Some General Rules That I Keep In Mind as I Write this Blog

Here are a few general rules that govern how I evaluate research:
  1. Data is more important that talking, and much more important that excuses. (To put it bluntly: if you want a drug approved by the FDA, you must have data. It does not matter what excuses you provide to the FDA.)
  2. Results in people are much more important than results in animals.
  3. One clinical trial is good, more are better.
  4. Opinions are not important; but what is important is the reasoning behind them, the data and information they are built on, etc. In short: why a person has opinions is more important than the opinions themselves. And that includes my opinions. Especially my opinions.
  5. Details matter.
  6. Specific numbers, the exact data, is important.
  7. Actions speak louder than words.  
The guiding quote for this blog is a paraphrase of something said by the fictional character Gordon Gekko from the movie Wall Street. He said, "don't get emotional about stock; it clouds your judgment". My paraphrase is:
Don't get emotional about research; it clouds your judgment.
I also like the following quote from Confucius:
Listen often, speak only when sure, and mind always the tone.
And here are a few more:
An infinity of excuses can always be found for non-action.  -- Theodore Roosevelt
One experiment is worth a thousand expert opinions. -- Robert H. Mathies 

Am I a Shill for "Big Pharma"?

No. and yes. :-)

Usually when someone accuses me of being a shill for "big pharma" it is just that they don't like something I've posted, but can't find anything factually wrong with it or any problems with the underlying data. So they admit they have no substantive evidence, by making this vague accusation. If they saw a mistake in my facts or logic they surely would have pointed it out, but they don't, so they fall back to this form of name calling.

On the other hand, it is certainly true that I would never give my daughter an unapproved medicine. And approval requires scientific study. The FDA and the EMEA both require it.

If someone stumbles out of an exotic jungle and proudly announces that they are a Rhodes scholar and graduated from Harvard and love children and puppies and have been studying ancient rain forest wisdom for decades and now have this cure, which is 100% natural, and therefore safe. Well, I will ignore them until they start a clinical trial. So in a sense, I am a shill for scientific research: evidence based (or data based) decision making. Would you put something in your child if some Rhodes scholar assured you it was natural and safe? Not me; I need to see those studies.

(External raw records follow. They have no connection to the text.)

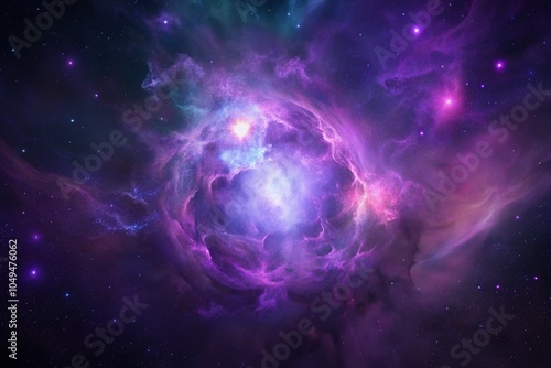 © JayOne1, Obraz premium Purple gas nebula in space and sparkling stars
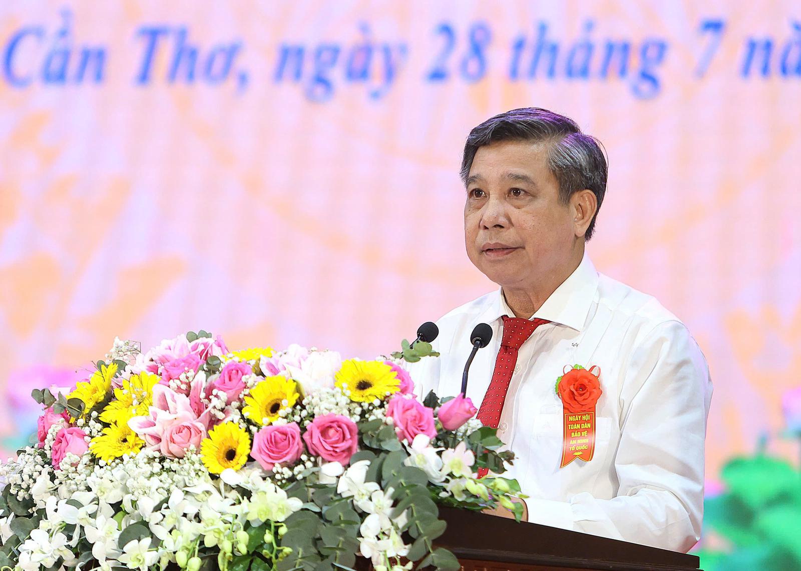 Ông Đồng Văn Thanh, Chủ tịch HĐND TP Cần Thơ phát biểu tại ngày hội toàn dân bảo vệ ANTQ. Ảnh: PL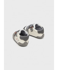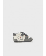 Zapatillas deportivas para recién nacido, de gran versatilidad para sus aventuras diarias. Forro interior y plantilla de algodón transpirable. Cómoda suela de goma extra flexible y antideslizante para un mayor confort del pie. Cierre combinado de velcro y cinta elástica que garantiza una perfecta sujeción. Este artículo se presenta en una caja de la línea Newborn ideal para regalar en ocasiones especiales.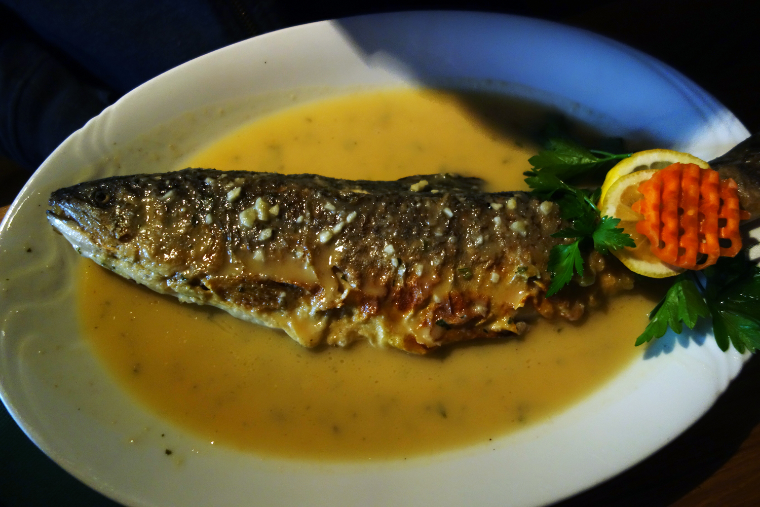 My brother chose the pan roasted trout in wine sauce, one of the four or five preparations on the menu of a fish very common to this area. The sucker was probably hooked and pulled out of the clear-as-glass water of Lake Bohinj in the valley below. As my brother sliced down the belly of the sucker, folding one half over the other and removing the spine whole, I could see bright white, slightly translucent flesh peeking forth from the browned skin. The thing was beautifully prepared, not a bit overcooked, and the meat remained slippery smooth. It had a very faint muddy flavor, a vestige of its lake dwelling past, which was checked with plenty of garlic, lemon and the wonderfully fragrant white wine butter sauce flavored also with marjoram and bay leaf. Plenty of fresh bread was provided in a basket on the side to sop up the precious sauce with.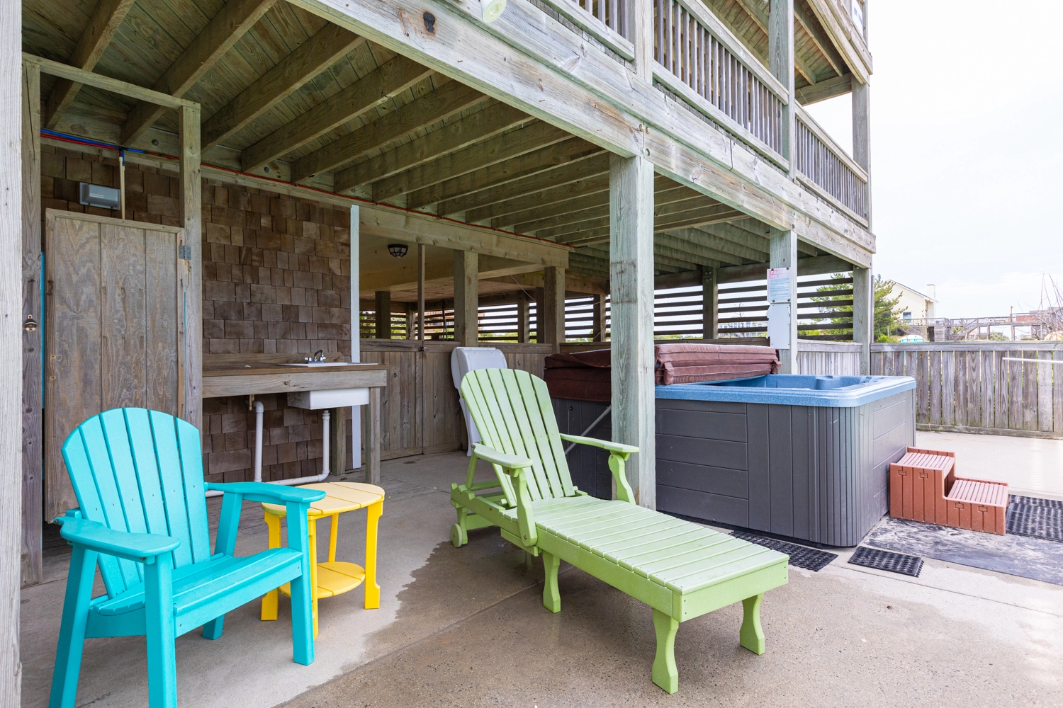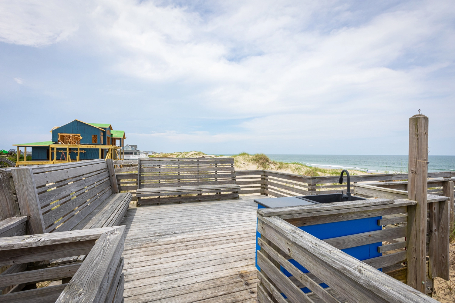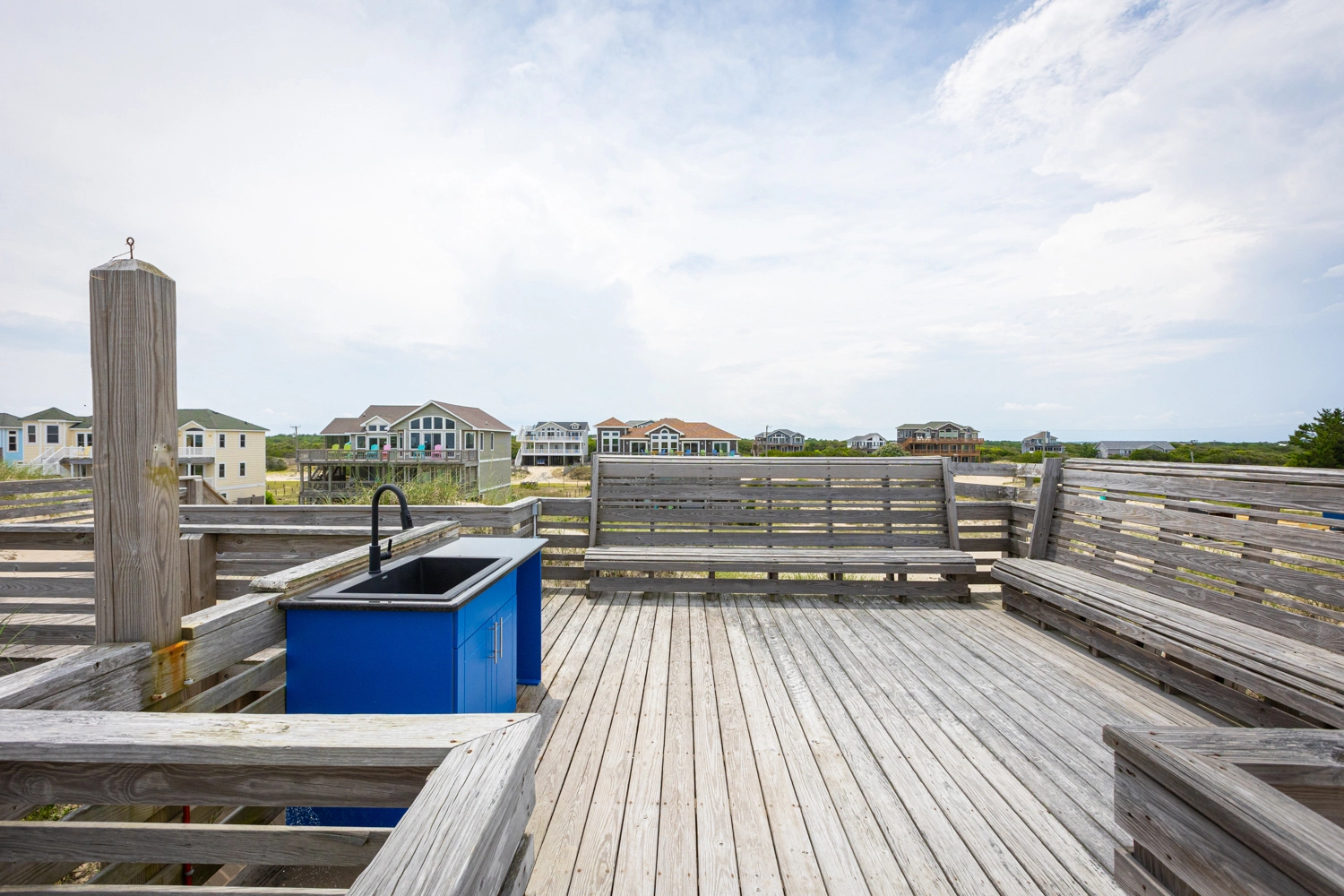Dune deck with wet bar, drink refrigerator, foot wash and seating.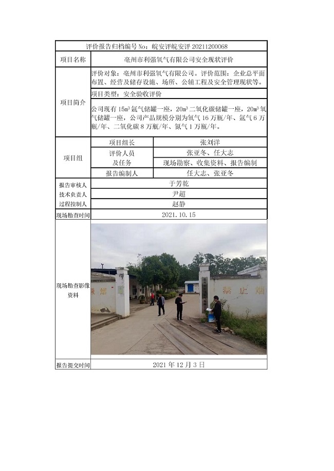 亳州市利強(qiáng)氧氣有限公司安全現(xiàn)狀評價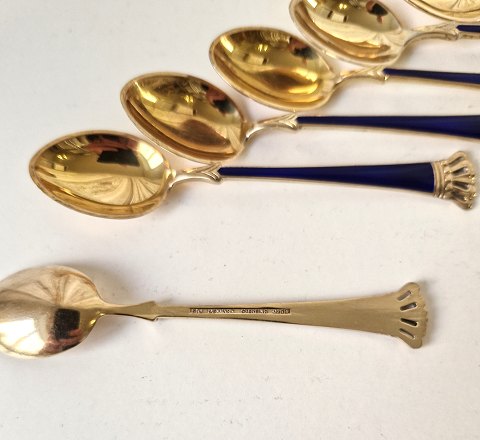 Set of 11 coffee spoons in gold-plated sterling silver and blue enamel decorated with a royal crown

I'm not a shill (for big pharma or anyone else) in the sense that I don't work for a company that does research into curing type-1.  Years ago, I did work for Bigfoot Biomedical, which is developing an artificial pancreas (sometimes called "automated insulin delivery").  But that is treatment, not cure, and I don't blog on it.  I don't get money from any company that I blog about. I don't get free products, free use of products, free travel, or free anything else, from anyone (except JDCA as described in my non-conflict of interest statement).